System Design Basics

Why and who should read this article: This article is for readers who are looking for a brief summary of system design concepts, as a reference for interviews, project needs, or a general curiosity.

What are key features of distributed systems:

  • Scalability: Scalability helps to meet the increased demand.
    • Horizontal scaling: it can be achieved by adding more servers to the existing infrastructure. Examples are MongoDB and Cassandra DB that are horizontally scalable by adding more servers.
    • Vertical scaling: it can be achieved by adding more resources (like CPU, RAM, etc.) to the same servers. An example is MySQL that can be scaled by switching it from smaller to a larger capacity machine.
  • Reliability: If I can be confident that the system will always succeed to serve the needs at all the time, I will call it a reliable system. For example, I can rely on my email system that it will always be available. Even if some of the services might fail, it is still reliable.
  • Availability: Availability means a system is operational in the time period. If a system has no downtime, it could be 100% available. Note: A system may be available but may not be reliable. For example, my email is available to use but what if it has a security issue? If it has a security issue, I will not rely on it to keep my emails secured.
  • Efficiency: Being efficient means the system works in a right way.
  • Effectiveness: Being effective means the systems provides output within the accepted quality and quantity.
  • Manageability: A system is manageable or serviceable if it can be repaired within the defined criteria.

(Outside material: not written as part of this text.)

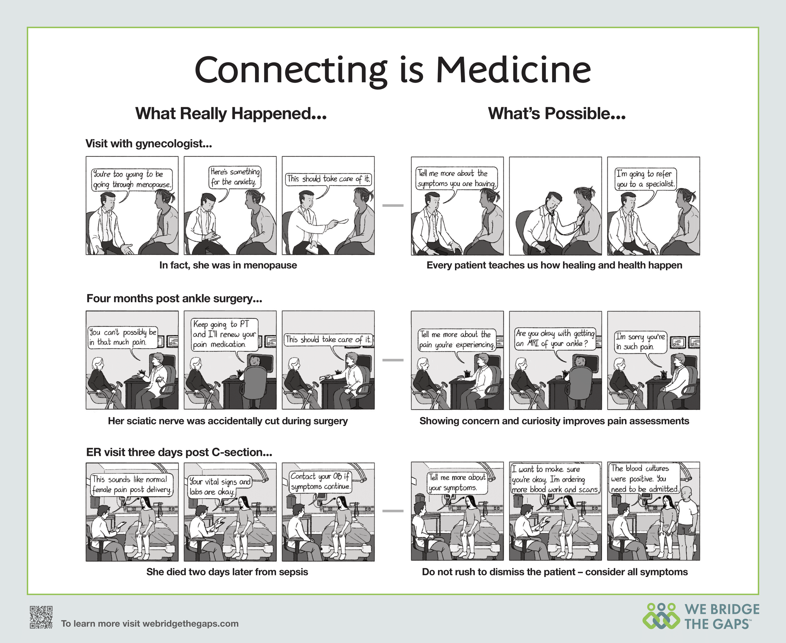 WE Bridge The Gaps is a leading source for creative education, healthcare advocacy and patient empowerment. WE is capitalized throughout our website and teaching materials to remind us of the perspective WE need to Bridge The Gaps in Healthcare.

What is a Load Balancer and how it distributes the traffic:

  • A Load Balancer helps in managing the traffic on servers. If a server is busy or if a server is not responding, the load balancer can route the traffic to another server. There are many ways to design the architecture using load balancers at the right place. For example, we can have load balancer before web servers, we can have it between middle layer/application servers or before the databases.
  • Load Balancing algorithms: Load Balancers have algorithm options to decide how to choose a server to send a requests to serve. Below are some of the options:
    • Least connection method
    • Least response time
    • Least bandwidth method
    • Round robin
    • Weighted round robin
    • IP hash

What are Redundancy and Replication concepts:

  • Redundancy is a way to avoid fault tolerance. In simpler terms, let’s say we have two web servers serving the traffic. What if we keep a third web server on a stand by mode? If by any chance one out of two web application servers fails to serve the traffic, we can utilize the third web application server with the failed web server. This third web server is a redundant server. I can recall my personal experience when one of two web servers failed. It was easy to utilize the standby/redundant server within an hour. It’s possible to plan for it without waiting for an hour.
  • Replication is a way to ensure the redundant servers are in sync. In the above example. what if a server fails but the redundant server is not up-to-date with the data/files on main traffic serving web servers? To avoid such a situation, it’s advisable to ensure such a redundant server has same information as other servers. Another common example is a database replication from a primary to a secondary database. In my experience, a server failed but the redundant server was not ready. It happened because the script responsible for the replication failed. To prevent such a failure of a replication, an automated period health and data check of replicated servers is important. Periodic dry-run of such a change process is recommended. As Benjamin Franklin said, “Failing to prepare is preparing to fail.”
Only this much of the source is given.